I've seen a number of warnings against at mixing various species of Victorians to prevent hybridization.
I've never seen any such hybrids. Anyone here seen any?


----------



## DJRansome (Oct 29, 2005)

I think some believe many of the Victorians on the market are hybrids.


----------



## awanderingmoose (Aug 11, 2016)

Are you sure you've never seen hybrids? Many of the species look so similar, if you aren't getting the fish from a trusted breeder, how can you be certain?


----------



## samaki (Oct 25, 2002)

yeah plenty of them;; and many in the trade...


----------



## mbargas (Apr 19, 2009)

Well, maybe I have seen them without knowing.

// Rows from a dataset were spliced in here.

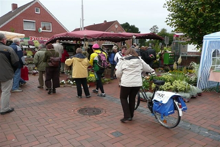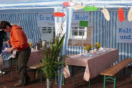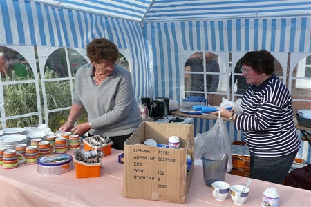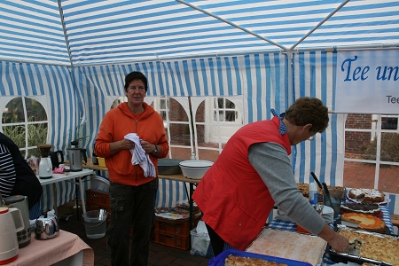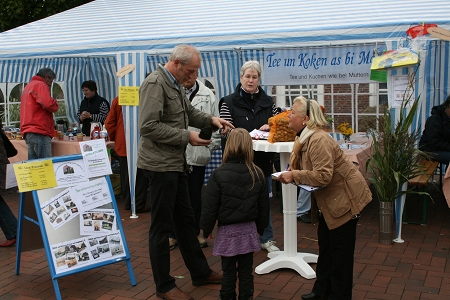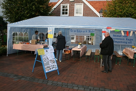 Am 19. September fand der alljährliche Hager Tuffelmarkt statt. Bis mittags meinte es der Wettergott recht gut mit uns - es blieb trocken. Nachmittags setzte er leichter Nieselregen ein. Trotzdem genossen viele Gäste den Tuffelmarkt, vor allem der Stand des Heimat- und Kulturvereins Hage und Umgebung e. V. war mit seinem traditionellen Verkaufsstand ein Anziehungspunkt. Selbstgebackene Torten, Kuchen, Kaffee und Tee standen zur Auswahl, eine Kartoffelschätzung rundete das große Angebot ab. So ließen sich die Gäste im Zelt des Heimatvereins alles gut schmecken...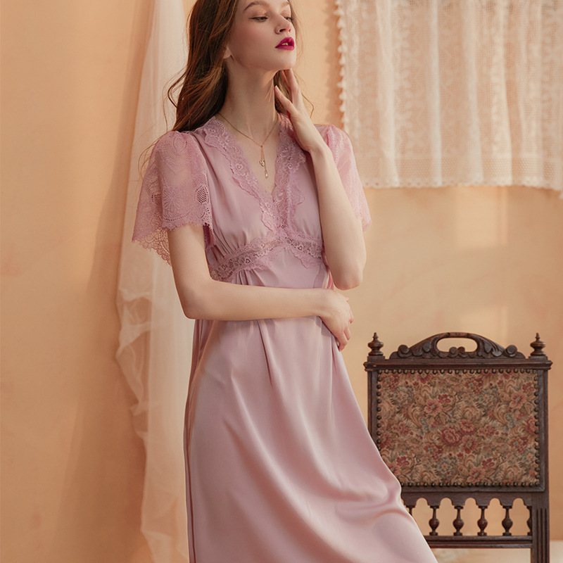 봄과 여름 신부 결혼식 아침 가운 반팔 긴 원피스 웨딩 잠옷 독특한 레이스 중공 섹시한 잠옷스토어 가기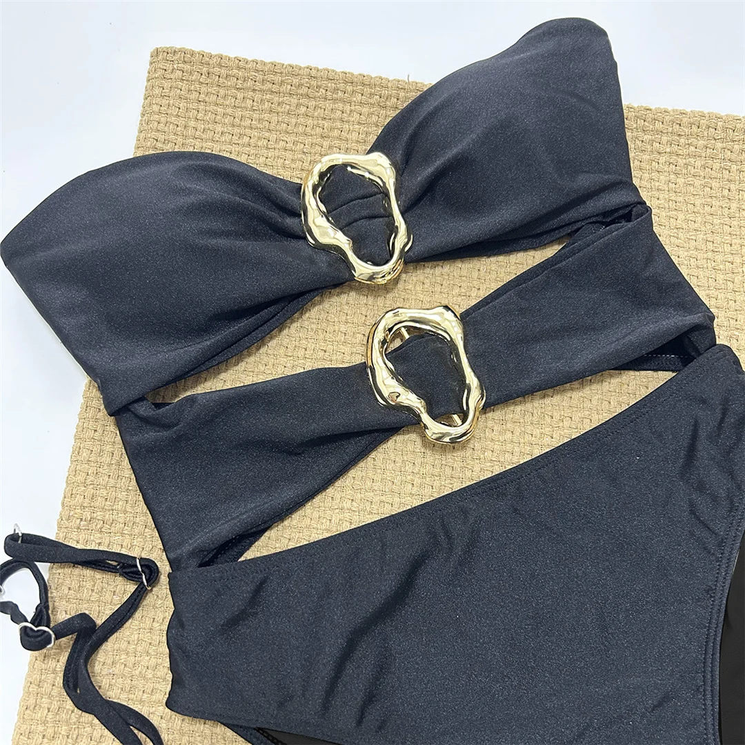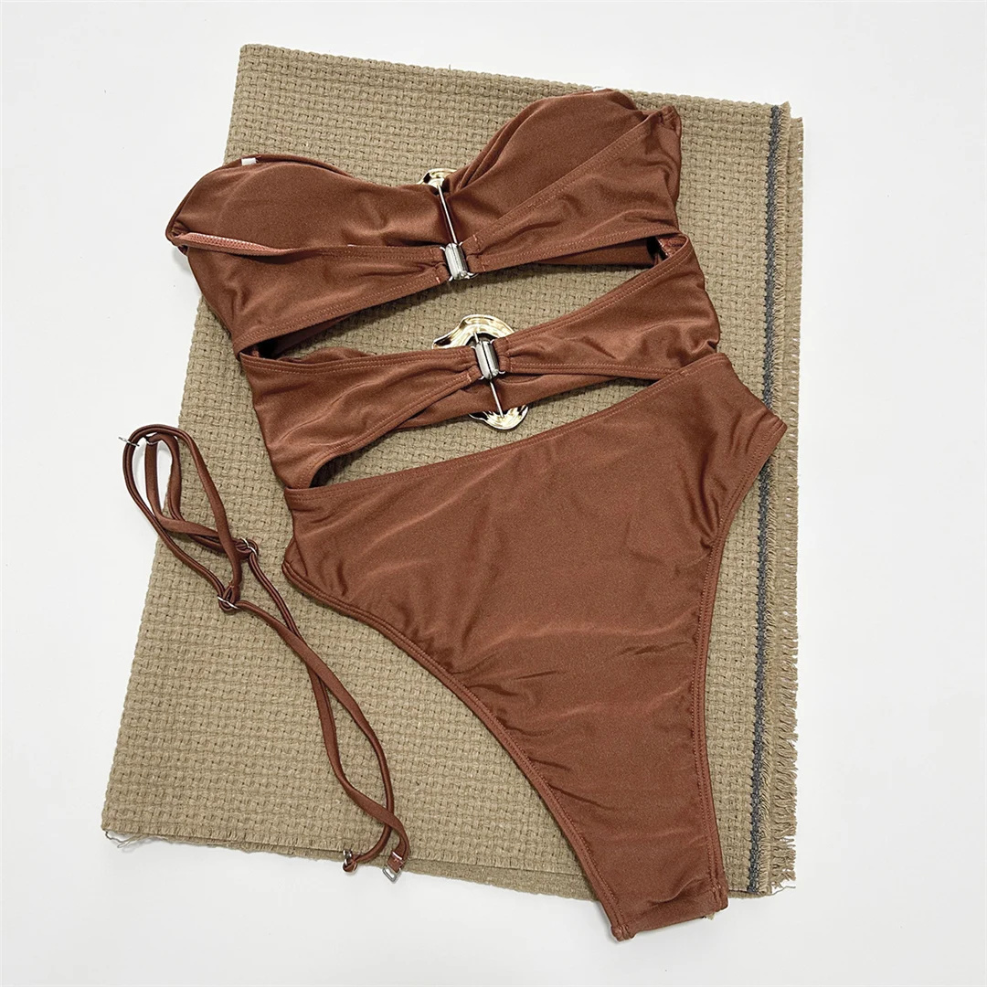 3 Colors Sexy Metal Rings Cut Out Women Swimwear One Piece Swimsuit Female Bandeau High Leg Cut Bather Bathing Suit Swim V5931

How about the Pundamilia 'red flank'. Is it a hybrid?


----------



## samaki (Oct 25, 2002)

Hi normally no but if yu have a pic that would be better or take a look at the profile section here to make the comparison  http://cichlid-forum.com/profiles/species.php?id=2612;; if the fish is similar so yu have good chances it's this species


----------



## mbargas (Apr 19, 2009)

samaki said:


> Hi normally no but if yu have a pic that would be better or take a look at the profile section here to make the comparison http://cichlid-forum.com/profiles/species.php?id=2612;; if the fish is similar so yu have good chances it's this species


Here is a pic of my more mature red flank. It is the most dominant fish in the tank:


----------



## samaki (Oct 25, 2002)

Hi yur fish seems strange for a red flank, Im' not sure this is a good strain, and yu better avoid keeping it with nyererei or other pundamilia species


----------



## mbargas (Apr 19, 2009)

samaki said:


> Hi yur fish seems strange for a red flank


Do you think that it is a hybrid?

Red Flank X Thickskin?


----------



## mbargas (Apr 19, 2009)

Here is the link to where I got it:

http://www.ebay.com/itm/222101368278?_t ... EBIDX%3AIT

Much more redness than mine


----------



## samaki (Oct 25, 2002)

Hi I've looked at the link and thi sailor is unaware of hybrids as he sold a hybrid nyererei sp44 for a sp44.. not a reliable vendor.


----------